▶ [DESCRIPTION OF THE TASK]
An exact repeat is needed of the lines from the one with "Cela a permis" through the last line of the data below. Please omit the pictures.

--- SOURCE MATERIAL ---

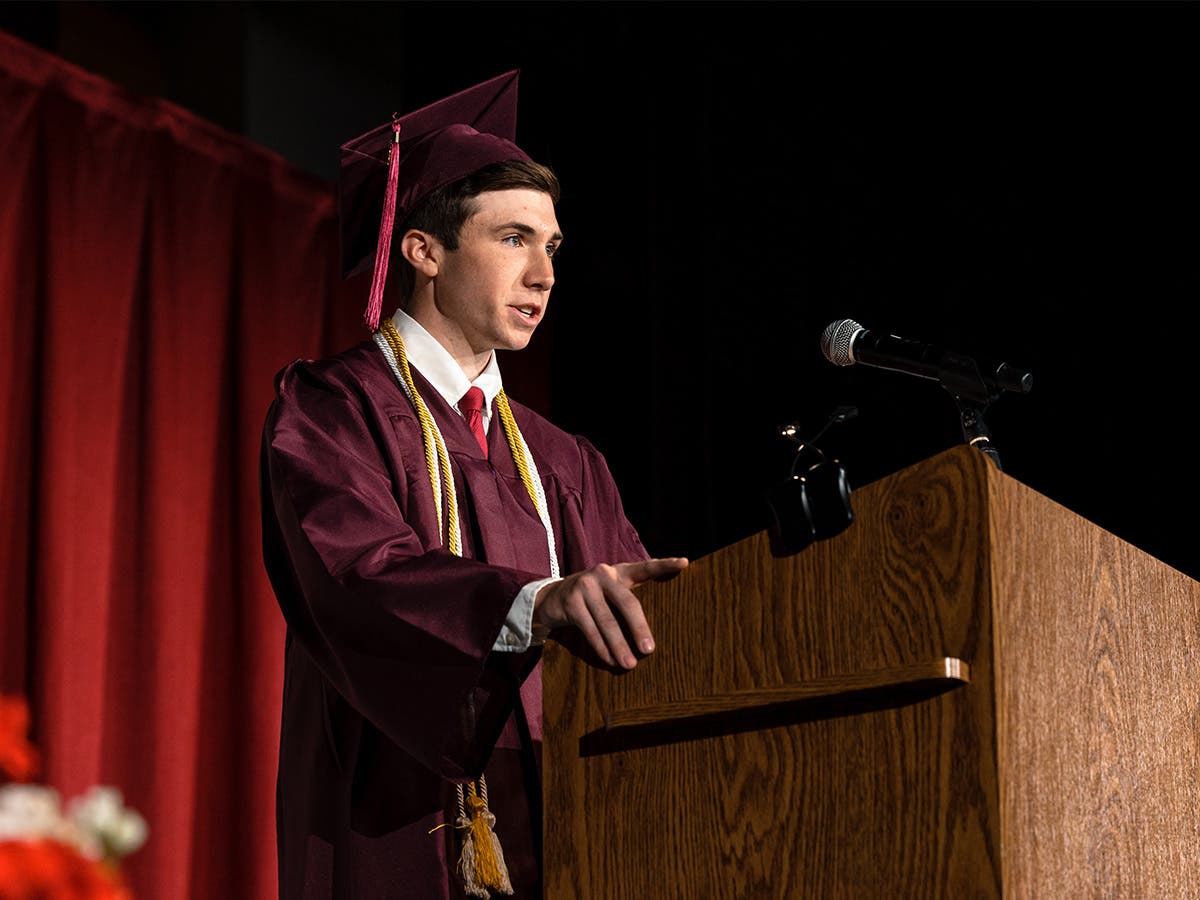Salutatorian Jack Sullivan addressed the community. “Looking back at my high school experience, all of my proudest accomplishments have resulted from welcoming challenge with open arms,” he said.”It is only by welcoming challenge that you can discover and actualize the version of yourself that would otherwise lay buried. My life is forever changed as a result of the things I’ve learned to welcome in my time on the Hilltop.”
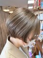 全体にハイライトをいれて、オリーブベージュをにかぶせました
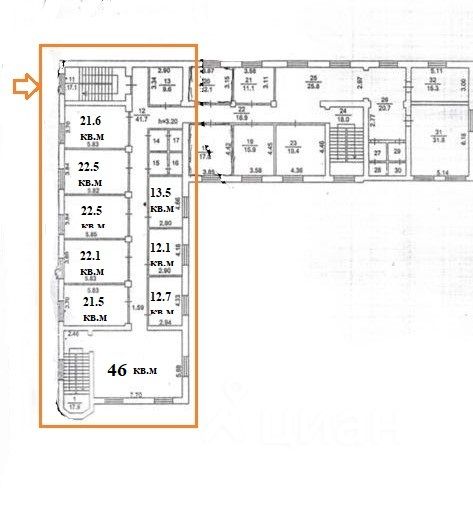 Сдам нежилое (офисное) помещение в административном здании, площадью 46 кв.м с отдельный входом, есть запасный (пожарный) выход. Близость остановки, отличная транспортная доступность. Свежий ремонт, высокоскоростной интернет, кабинетная система, высокий пешеходный и автомобильный трафик, транспортная доступность в любую точку города. На плане обозначены свободные помещения от 21.5 кв.м.
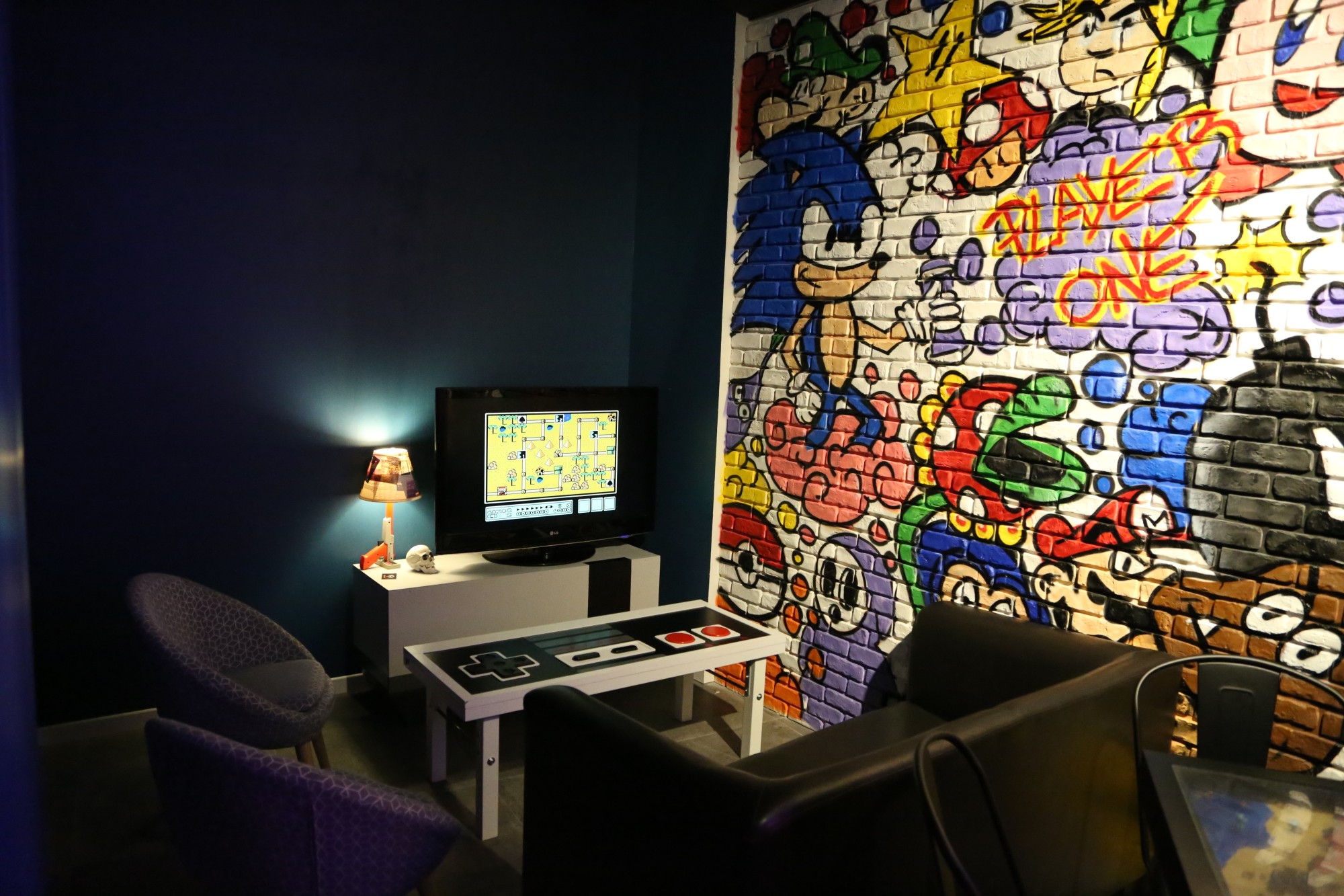 Cela a permis au bar de monter sa capacité d'accueil de 5 personnes à plus de 15 ! Ne vous inquiétez pas, notre NES géante est toujours là ! Nous l'avons retiré pour la photo. (ouf !)
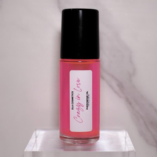 DLA COSMETICS Crazy in Love Pheromone Oil (Roll-On, 10mL/30mL) Description:Crazy in Love Pheromone Oil is a viral sensation and fan-favorite fragrance designed to enchant and captivate. Loved by thousands for its irresistible blend of fruity and floral notes, this signature roll-on oil exudes charm and allure, creating an unforgettable impression wherever you go. Key Fragrance Notes: • Peach: Luscious and ripe, evoking warmth and vitality. • Apple: Crisp and playful, delivering a youthful and energetic charm. • Jasmine: Elegant and timeless, adding sophistication and depth. • Lily of the Valley: Light and delicate, enhancing the fresh floral profile. • Tuberose: Creamy and opulent, bringing richness and allure. • Ylang Ylang: Exotic and floral, infusing a romantic and dreamy essence. • Musk: Sensual and grounding, leaving a lingering, seductive warmth. Fresh Floral Quality:This captivating roll-on oil balances fruity freshness and floral elegance, while musky undertones add depth and sensuality. The result is a fragrance that’s playful, sophisticated, and uniquely unforgettable. Sizes Available: • 10mL / 0.33oz: Compact and travel-friendly, perfect for touch-ups on the go. • 30mL / 1oz: Ideal for daily use with a longer-lasting supply. Overall Impression:Crazy in Love Pheromone Oil has become a viral favorite for its enchanting aroma that perfectly balances sweetness, sophistication, and sensuality. Perfect for everyday use or special occasions, this roll-on fragrance oil is your ultimate weapon for confidence and allure. Dare to captivate. Dare to be Crazy in Love.
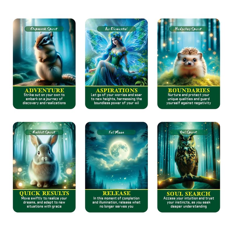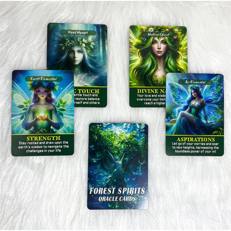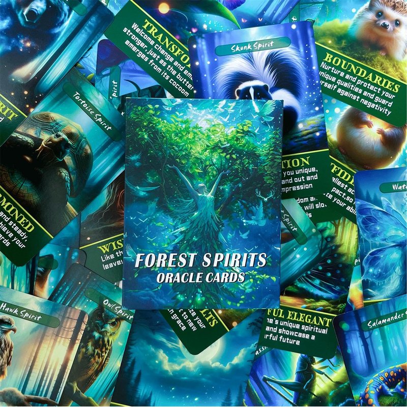 - 【Forest Spirits Oracle Cards】48 unique information and healing gifts containing these mysterious forest residents guide you to gain a deeper understanding of yourself and the world around you. The whispers of elves, elements, and forest creatures awaken your senses, reconnecting you to a magical natural world

---

▶ [SOLUTION FOR THIS PROBLEM]
 Cela a permis au bar de monter sa capacité d'accueil de 5 personnes à plus de 15 ! Ne vous inquiétez pas, notre NES géante est toujours là ! Nous l'avons retiré pour la photo. (ouf !)
 DLA COSMETICS Crazy in Love Pheromone Oil (Roll-On, 10mL/30mL) Description:Crazy in Love Pheromone Oil is a viral sensation and fan-favorite fragrance designed to enchant and captivate. Loved by thousands for its irresistible blend of fruity and floral notes, this signature roll-on oil exudes charm and allure, creating an unforgettable impression wherever you go. Key Fragrance Notes: • Peach: Luscious and ripe, evoking warmth and vitality. • Apple: Crisp and playful, delivering a youthful and energetic charm. • Jasmine: Elegant and timeless, adding sophistication and depth. • Lily of the Valley: Light and delicate, enhancing the fresh floral profile. • Tuberose: Creamy and opulent, bringing richness and allure. • Ylang Ylang: Exotic and floral, infusing a romantic and dreamy essence. • Musk: Sensual and grounding, leaving a lingering, seductive warmth. Fresh Floral Quality:This captivating roll-on oil balances fruity freshness and floral elegance, while musky undertones add depth and sensuality. The result is a fragrance that’s playful, sophisticated, and uniquely unforgettable. Sizes Available: • 10mL / 0.33oz: Compact and travel-friendly, perfect for touch-ups on the go. • 30mL / 1oz: Ideal for daily use with a longer-lasting supply. Overall Impression:Crazy in Love Pheromone Oil has become a viral favorite for its enchanting aroma that perfectly balances sweetness, sophistication, and sensuality. Perfect for everyday use or special occasions, this roll-on fragrance oil is your ultimate weapon for confidence and allure. Dare to captivate. Dare to be Crazy in Love.
 - 【Forest Spirits Oracle Cards】48 unique information and healing gifts containing these mysterious forest residents guide you to gain a deeper understanding of yourself and the world around you. The whispers of elves, elements, and forest creatures awaken your senses, reconnecting you to a magical natural world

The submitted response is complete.